I laughed. ‘Ye mean you’re only thinkin of that now? I hope ye didn’t walk all the way out there to ponder things on the rocks and then only realize that Kearney is fucked up. He’s —’

‘No, I don’t mean just like normal fucked up. He’s —’

‘Ye mean the pills? Has he taken too much or something?’

‘No! Will ye be quiet for a moment and listen to me: Kearney killed that handicapped boy, the one on the news and in all the papers.’

I stared at him. My reaction must have come across as blank incomprehension, because Rez added, ‘That one, James Appleton. Remember? It was Kearney who killed him, the handicapped boy in the Garden of Remembrance, he was pushed down the steps and had his head cracked open.’

I recovered enough to act astonished: ‘Rez, what are ye talkin about? What makes ye think that?’ I paused, a crazy new possibility emerging: ‘Did he tell ye that himself?’

‘No, no he didn’t. I just, I don’t know. I just know he did it. It’s the clothes he was wearin, some of the things he said, and there are other reasons, little things, stuff he said to me when I was in hospital. I think I knew it was him the moment I saw it on the news, but … I don’t know, I couldn’t be sure, or I didn’t trust myself. But I know it now, I’m absolutely certain it was him.’

The wind picked up and a cheer rose from behind me — a new DJ must have come on. I tried to meet Rez’s gaze and continue to act amazed. But I started to sense that he could see right into me.

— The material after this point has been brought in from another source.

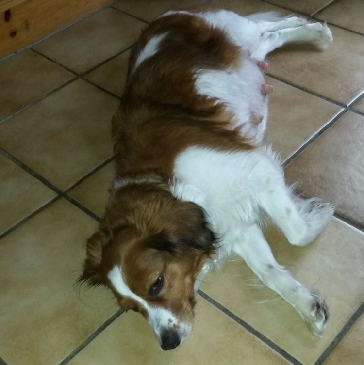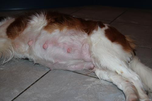 Roxys Zitzen schwellen weiter an und sie weicht Frauchen nicht von der Seite.

I looked down. ‘I know. I already knew it was him. I mean, I suspected it. I didn’t want to believe it. I think I … I convinced myself it couldn’t be true.’

‘What!’ Rez was astonished. So I’d been wrong: he hadn’t suspected me at all. ‘Ye mean ye knew all along?’

I nodded, looking down again. ‘I think I knew. He didn’t tell me but I knew, I put it all together.’

Rez fell silent, considering this. Some time passed. Anything was possible now: Rez could go to the police, tell them that I had known about the killing and hadn’t done anything. We were all going to be famous and on the news.

But Rez started speaking, saying words that made no sense at all.

He was saying, ‘Matthew, give me the rest of the pills.’

I shook my head in bewilderment. ‘What do ye mean?’

‘Give me the pills,’ he repeated, louder and more firmly.

‘What do ye want them for?’

He didn’t reply. He stared into my eyes. Then I knew. I took the pills from my pocket and handed them to him.